Brief: Please copy, exactly as they appear below, the lines from the one containing "Toile de fond" through the one containing "加绒加厚中长款 小个子双排扣气质百搭保暖大衣 风衣外套女秋冬新款".

Data to process:
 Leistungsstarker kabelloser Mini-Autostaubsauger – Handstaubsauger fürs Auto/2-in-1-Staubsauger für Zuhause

...

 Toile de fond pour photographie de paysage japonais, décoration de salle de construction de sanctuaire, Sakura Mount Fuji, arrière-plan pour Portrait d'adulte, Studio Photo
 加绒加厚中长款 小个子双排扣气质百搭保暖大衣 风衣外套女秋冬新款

* * *

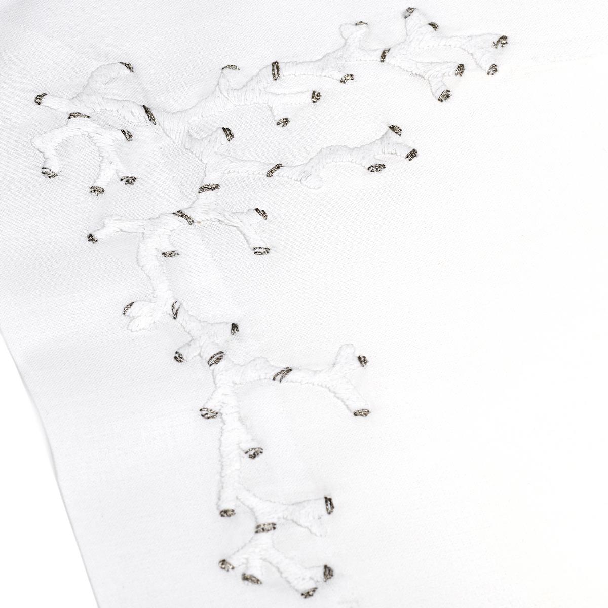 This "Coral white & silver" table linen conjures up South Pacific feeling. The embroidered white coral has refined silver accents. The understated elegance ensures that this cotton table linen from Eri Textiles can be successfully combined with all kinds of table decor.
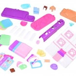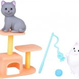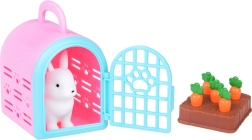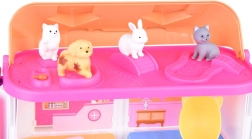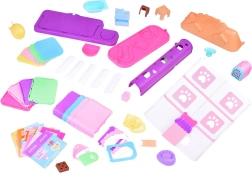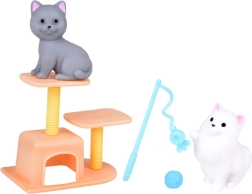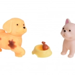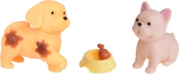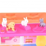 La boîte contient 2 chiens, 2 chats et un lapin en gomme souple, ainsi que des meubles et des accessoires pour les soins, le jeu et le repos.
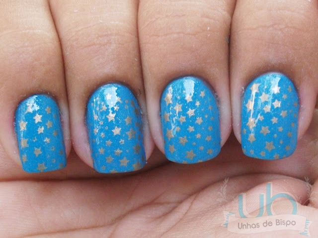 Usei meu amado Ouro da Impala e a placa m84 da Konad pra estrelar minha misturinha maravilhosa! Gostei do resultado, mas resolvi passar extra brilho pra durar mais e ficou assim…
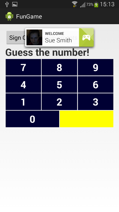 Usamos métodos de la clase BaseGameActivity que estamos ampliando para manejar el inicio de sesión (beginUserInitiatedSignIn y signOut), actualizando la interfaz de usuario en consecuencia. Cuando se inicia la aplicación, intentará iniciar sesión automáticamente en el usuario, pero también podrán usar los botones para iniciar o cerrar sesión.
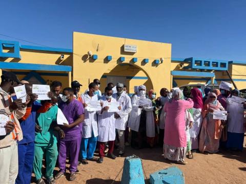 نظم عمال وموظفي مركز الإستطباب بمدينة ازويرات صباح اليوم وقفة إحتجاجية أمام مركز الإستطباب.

Solution:
 Toile de fond pour photographie de paysage japonais, décoration de salle de construction de sanctuaire, Sakura Mount Fuji, arrière-plan pour Portrait d'adulte, Studio Photo
 加绒加厚中长款 小个子双排扣气质百搭保暖大衣 风衣外套女秋冬新款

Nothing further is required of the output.